[Collection entries]
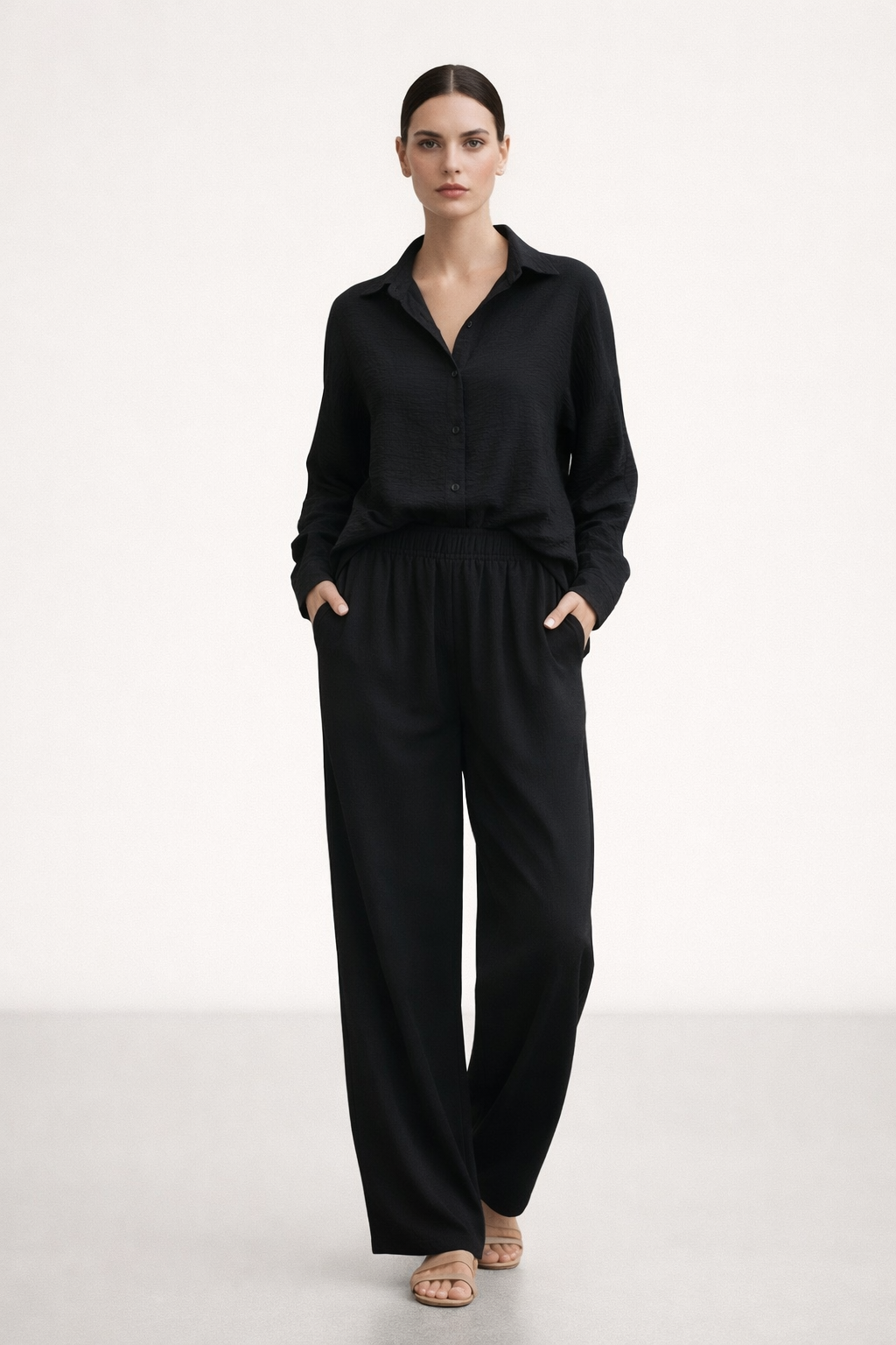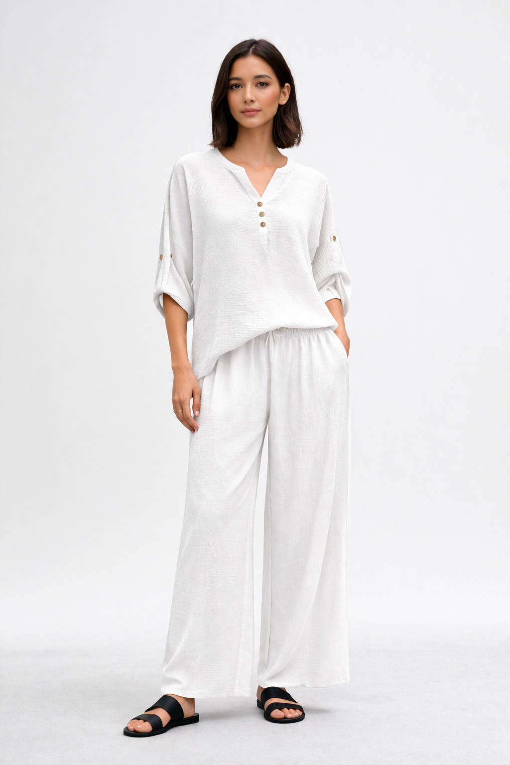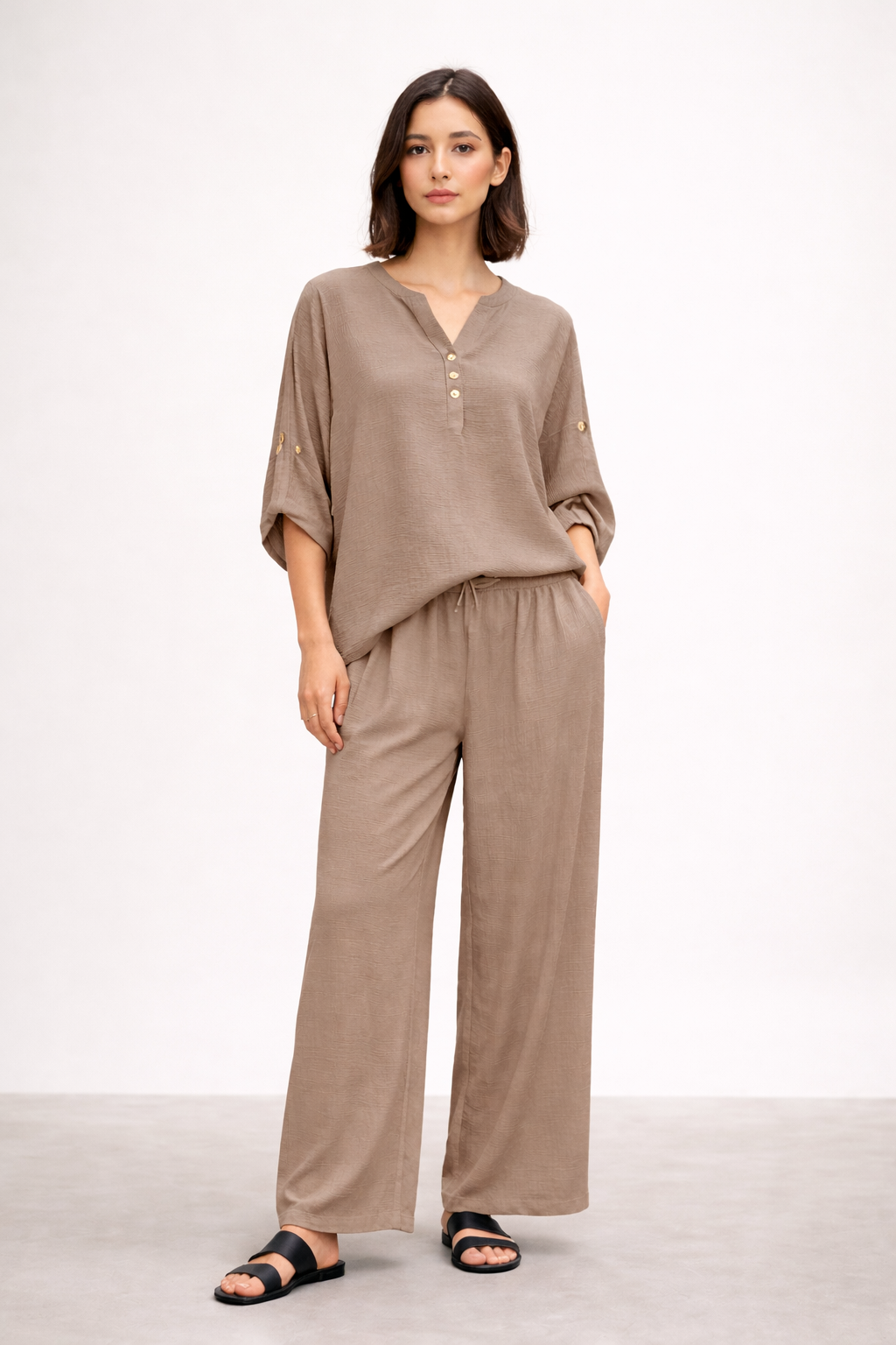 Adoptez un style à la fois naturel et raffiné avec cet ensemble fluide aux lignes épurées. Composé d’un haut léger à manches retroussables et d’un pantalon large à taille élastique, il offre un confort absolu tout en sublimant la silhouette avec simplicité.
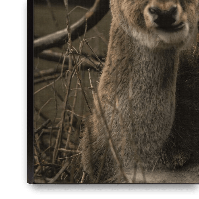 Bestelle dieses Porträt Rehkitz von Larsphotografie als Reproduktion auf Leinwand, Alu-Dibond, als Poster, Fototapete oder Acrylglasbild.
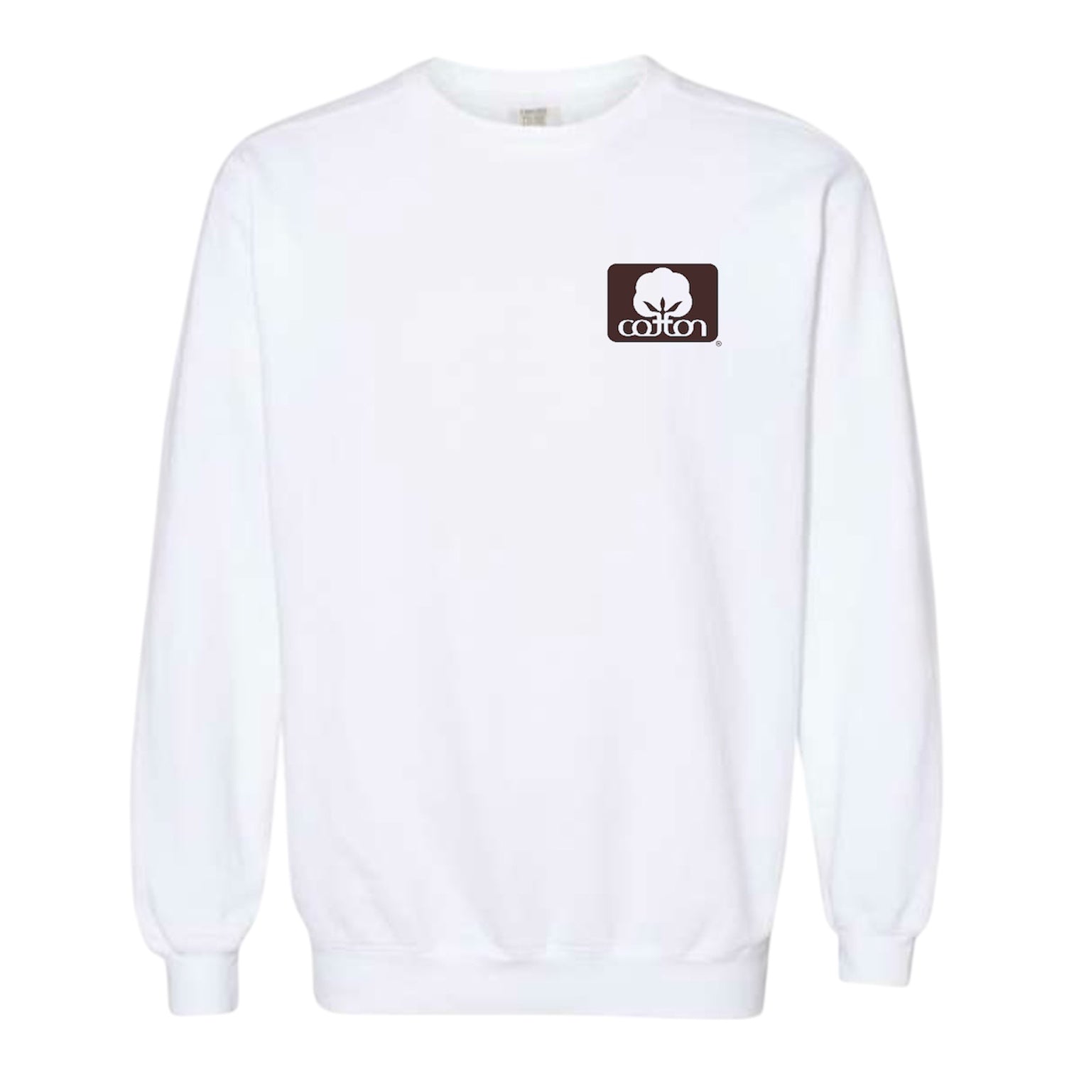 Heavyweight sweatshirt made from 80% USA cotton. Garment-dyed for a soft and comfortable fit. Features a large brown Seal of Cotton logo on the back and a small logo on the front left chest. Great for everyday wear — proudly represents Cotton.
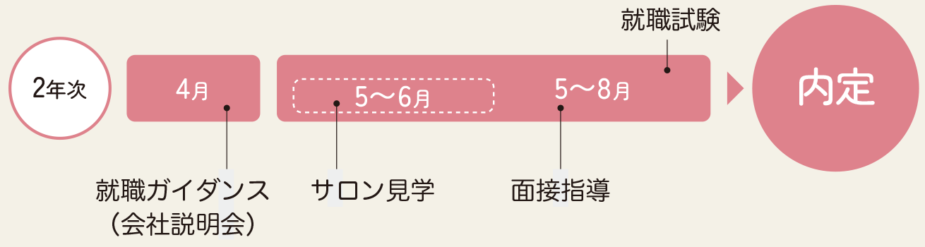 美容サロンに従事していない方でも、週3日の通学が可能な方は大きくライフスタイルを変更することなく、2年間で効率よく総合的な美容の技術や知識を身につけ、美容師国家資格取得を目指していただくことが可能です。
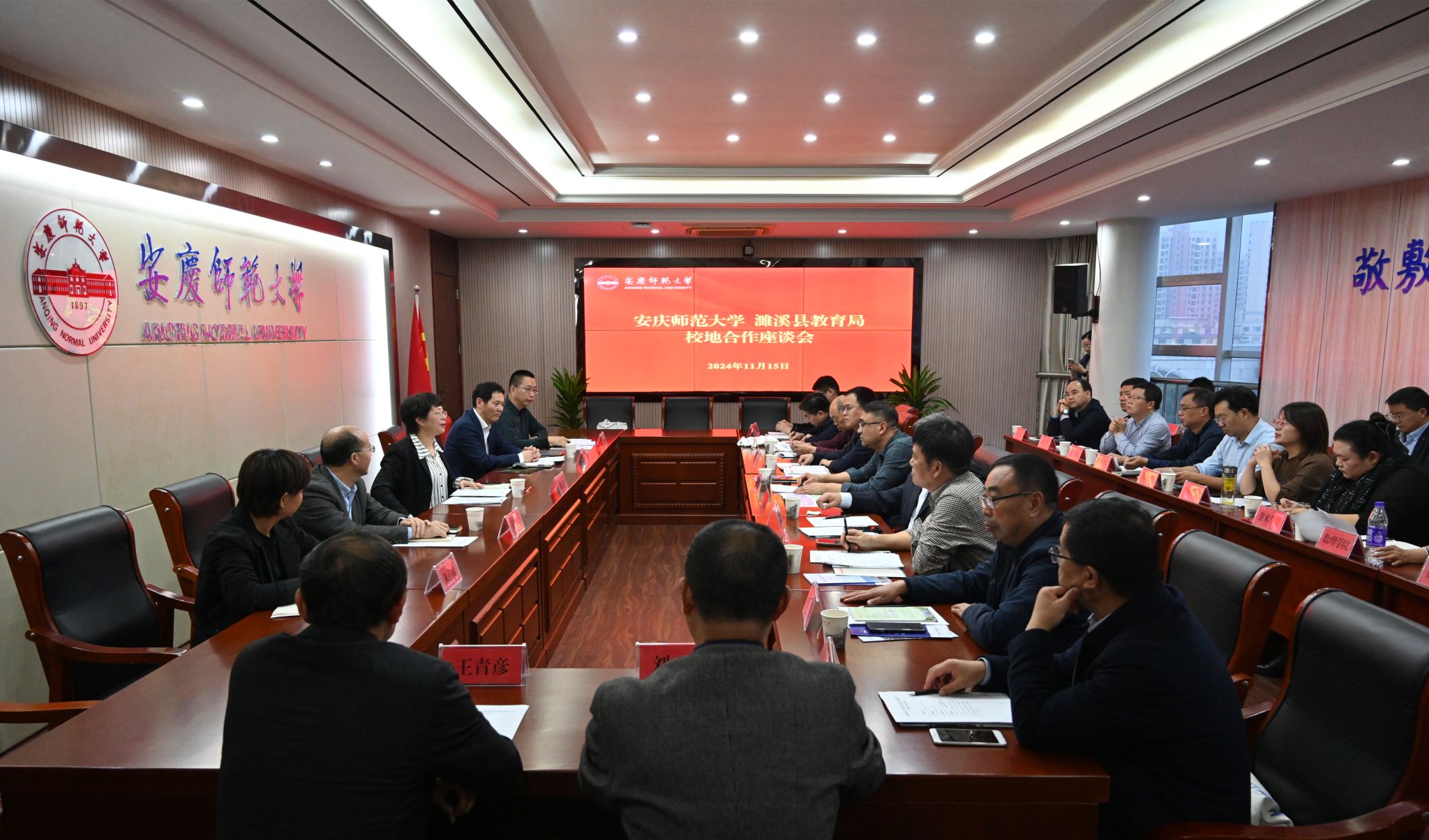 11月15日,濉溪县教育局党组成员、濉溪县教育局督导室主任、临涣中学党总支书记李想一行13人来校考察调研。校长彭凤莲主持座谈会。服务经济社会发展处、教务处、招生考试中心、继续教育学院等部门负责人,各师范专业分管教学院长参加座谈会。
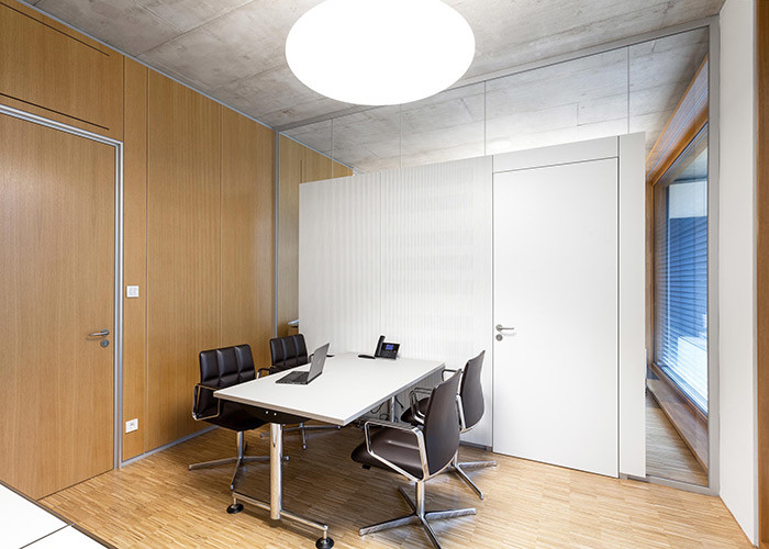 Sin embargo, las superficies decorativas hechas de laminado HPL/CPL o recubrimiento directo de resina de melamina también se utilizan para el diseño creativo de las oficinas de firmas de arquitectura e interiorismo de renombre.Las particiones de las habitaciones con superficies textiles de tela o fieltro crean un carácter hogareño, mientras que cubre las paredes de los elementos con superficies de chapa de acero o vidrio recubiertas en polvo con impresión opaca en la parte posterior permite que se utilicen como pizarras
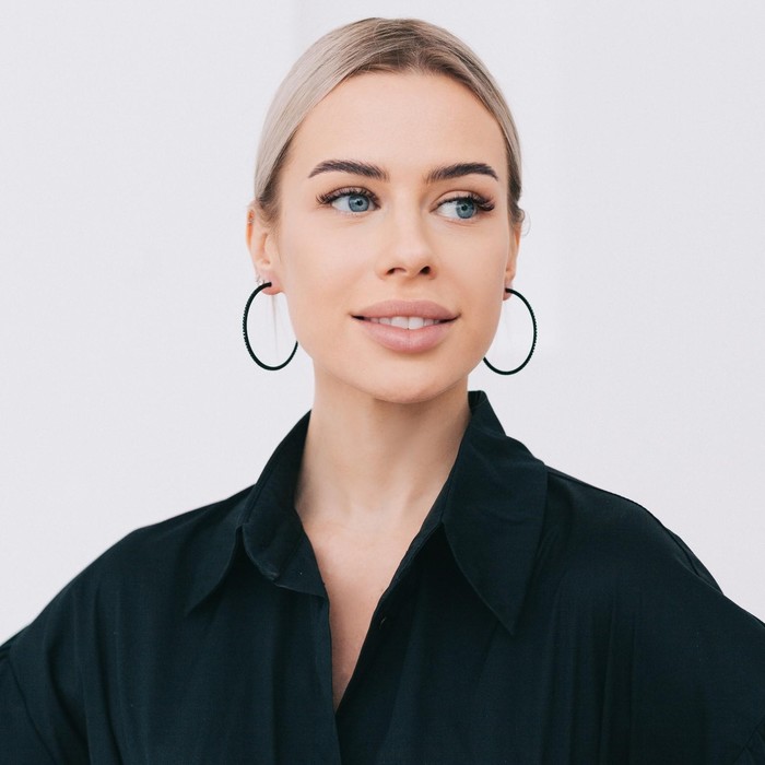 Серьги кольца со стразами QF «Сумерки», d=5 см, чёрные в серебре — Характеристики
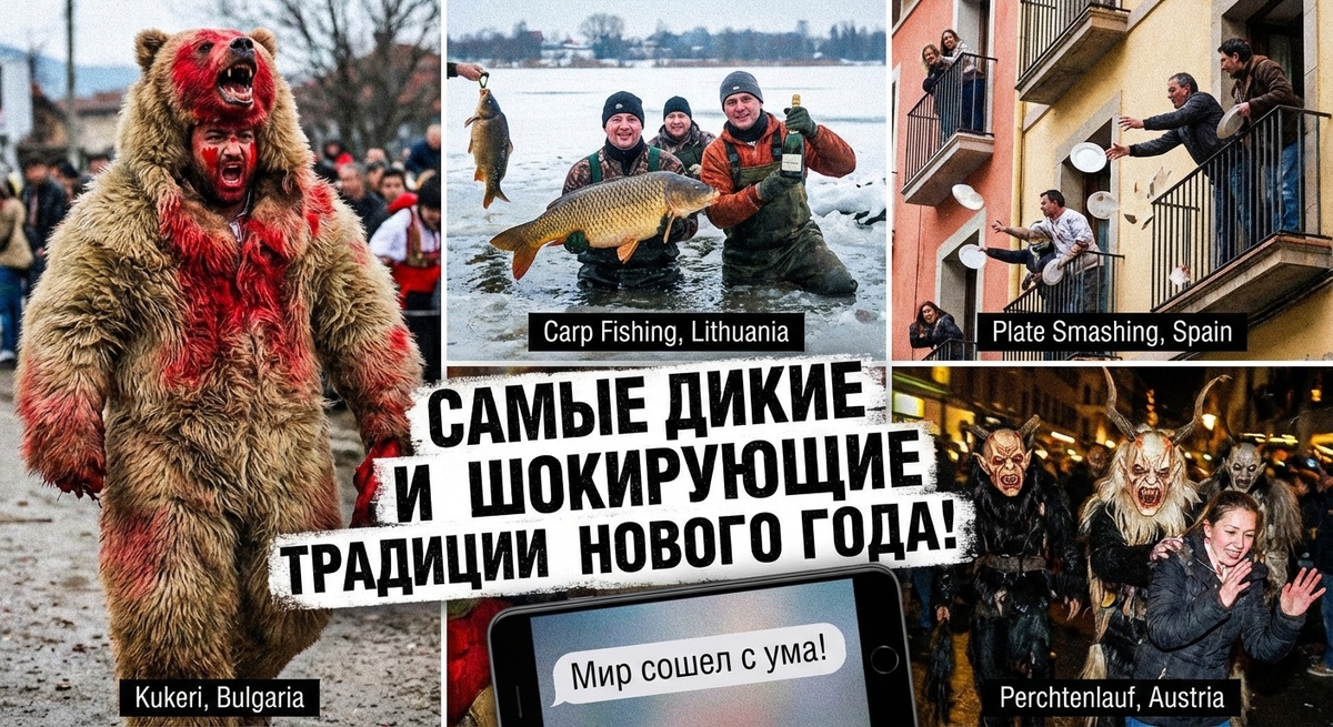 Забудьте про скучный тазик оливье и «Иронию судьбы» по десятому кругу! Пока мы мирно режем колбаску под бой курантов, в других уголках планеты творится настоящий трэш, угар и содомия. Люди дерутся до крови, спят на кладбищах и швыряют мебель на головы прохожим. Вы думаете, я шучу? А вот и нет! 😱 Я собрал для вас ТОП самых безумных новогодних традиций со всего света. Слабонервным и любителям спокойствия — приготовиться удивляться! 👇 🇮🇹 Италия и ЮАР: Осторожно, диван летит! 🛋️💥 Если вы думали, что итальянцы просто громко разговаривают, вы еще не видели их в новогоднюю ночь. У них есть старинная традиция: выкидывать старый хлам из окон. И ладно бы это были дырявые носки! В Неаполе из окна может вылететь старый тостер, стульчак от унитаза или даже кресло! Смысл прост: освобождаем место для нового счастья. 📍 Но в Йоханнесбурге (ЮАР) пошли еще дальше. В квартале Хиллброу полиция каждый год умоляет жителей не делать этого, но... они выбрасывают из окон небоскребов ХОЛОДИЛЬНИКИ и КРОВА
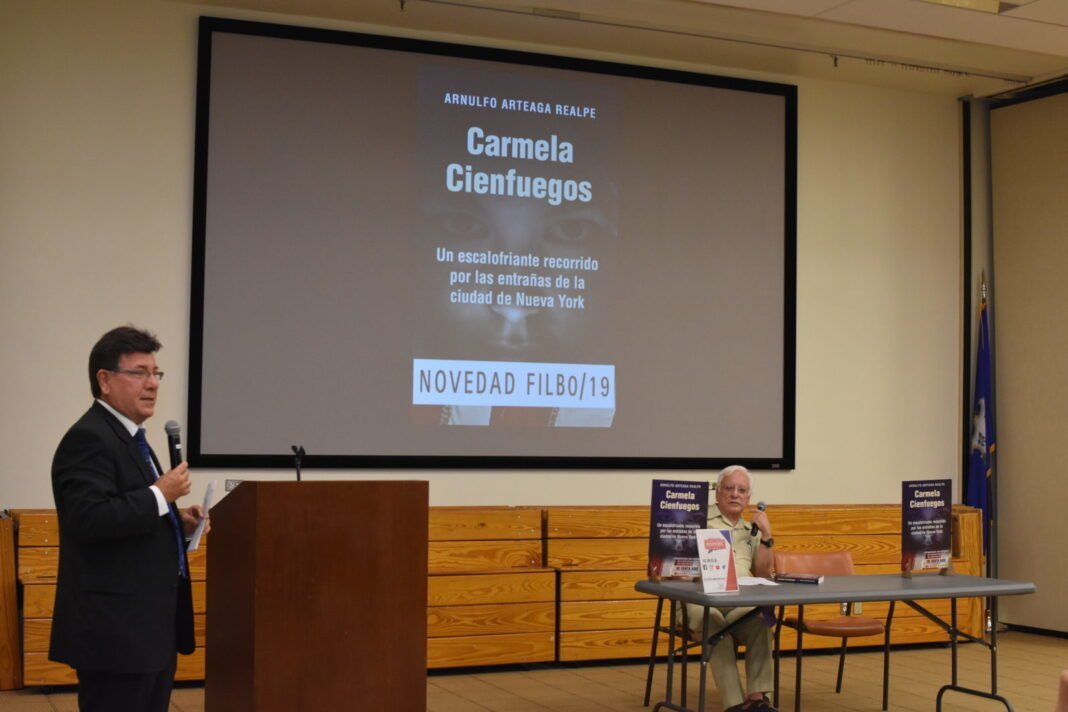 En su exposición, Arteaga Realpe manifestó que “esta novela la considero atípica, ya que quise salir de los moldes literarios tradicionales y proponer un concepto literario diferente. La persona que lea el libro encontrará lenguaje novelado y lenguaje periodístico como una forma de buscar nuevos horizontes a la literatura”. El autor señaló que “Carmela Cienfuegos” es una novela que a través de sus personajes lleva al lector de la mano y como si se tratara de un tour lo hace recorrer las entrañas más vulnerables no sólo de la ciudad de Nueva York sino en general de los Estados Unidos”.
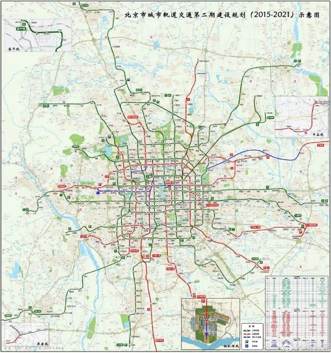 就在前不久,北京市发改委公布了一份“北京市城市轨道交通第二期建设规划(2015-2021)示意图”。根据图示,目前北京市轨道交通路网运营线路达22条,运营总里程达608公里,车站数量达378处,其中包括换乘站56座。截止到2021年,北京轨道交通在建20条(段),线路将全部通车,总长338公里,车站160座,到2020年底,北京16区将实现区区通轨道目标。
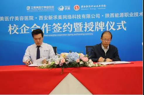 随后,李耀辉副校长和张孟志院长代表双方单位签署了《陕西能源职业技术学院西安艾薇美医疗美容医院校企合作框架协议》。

**Exercise requirements**
Repeat the records above verbatim, with no pictures in the result.

**Result below**
 Adoptez un style à la fois naturel et raffiné avec cet ensemble fluide aux lignes épurées. Composé d’un haut léger à manches retroussables et d’un pantalon large à taille élastique, il offre un confort absolu tout en sublimant la silhouette avec simplicité.
 Bestelle dieses Porträt Rehkitz von Larsphotografie als Reproduktion auf Leinwand, Alu-Dibond, als Poster, Fototapete oder Acrylglasbild.
 Heavyweight sweatshirt made from 80% USA cotton. Garment-dyed for a soft and comfortable fit. Features a large brown Seal of Cotton logo on the back and a small logo on the front left chest. Great for everyday wear — proudly represents Cotton.
 美容サロンに従事していない方でも、週3日の通学が可能な方は大きくライフスタイルを変更することなく、2年間で効率よく総合的な美容の技術や知識を身につけ、美容師国家資格取得を目指していただくことが可能です。
 11月15日,濉溪县教育局党组成员、濉溪县教育局督导室主任、临涣中学党总支书记李想一行13人来校考察调研。校长彭凤莲主持座谈会。服务经济社会发展处、教务处、招生考试中心、继续教育学院等部门负责人,各师范专业分管教学院长参加座谈会。
 Sin embargo, las superficies decorativas hechas de laminado HPL/CPL o recubrimiento directo de resina de melamina también se utilizan para el diseño creativo de las oficinas de firmas de arquitectura e interiorismo de renombre.Las particiones de las habitaciones con superficies textiles de tela o fieltro crean un carácter hogareño, mientras que cubre las paredes de los elementos con superficies de chapa de acero o vidrio recubiertas en polvo con impresión opaca en la parte posterior permite que se utilicen como pizarras
 Серьги кольца со стразами QF «Сумерки», d=5 см, чёрные в серебре — Характеристики
 Забудьте про скучный тазик оливье и «Иронию судьбы» по десятому кругу! Пока мы мирно режем колбаску под бой курантов, в других уголках планеты творится настоящий трэш, угар и содомия. Люди дерутся до крови, спят на кладбищах и швыряют мебель на головы прохожим. Вы думаете, я шучу? А вот и нет! 😱 Я собрал для вас ТОП самых безумных новогодних традиций со всего света. Слабонервным и любителям спокойствия — приготовиться удивляться! 👇 🇮🇹 Италия и ЮАР: Осторожно, диван летит! 🛋️💥 Если вы думали, что итальянцы просто громко разговаривают, вы еще не видели их в новогоднюю ночь. У них есть старинная традиция: выкидывать старый хлам из окон. И ладно бы это были дырявые носки! В Неаполе из окна может вылететь старый тостер, стульчак от унитаза или даже кресло! Смысл прост: освобождаем место для нового счастья. 📍 Но в Йоханнесбурге (ЮАР) пошли еще дальше. В квартале Хиллброу полиция каждый год умоляет жителей не делать этого, но... они выбрасывают из окон небоскребов ХОЛОДИЛЬНИКИ и КРОВА
 En su exposición, Arteaga Realpe manifestó que “esta novela la considero atípica, ya que quise salir de los moldes literarios tradicionales y proponer un concepto literario diferente. La persona que lea el libro encontrará lenguaje novelado y lenguaje periodístico como una forma de buscar nuevos horizontes a la literatura”. El autor señaló que “Carmela Cienfuegos” es una novela que a través de sus personajes lleva al lector de la mano y como si se tratara de un tour lo hace recorrer las entrañas más vulnerables no sólo de la ciudad de Nueva York sino en general de los Estados Unidos”.
 就在前不久,北京市发改委公布了一份“北京市城市轨道交通第二期建设规划(2015-2021)示意图”。根据图示,目前北京市轨道交通路网运营线路达22条,运营总里程达608公里,车站数量达378处,其中包括换乘站56座。截止到2021年,北京轨道交通在建20条(段),线路将全部通车,总长338公里,车站160座,到2020年底,北京16区将实现区区通轨道目标。
 随后,李耀辉副校长和张孟志院长代表双方单位签署了《陕西能源职业技术学院西安艾薇美医疗美容医院校企合作框架协议》。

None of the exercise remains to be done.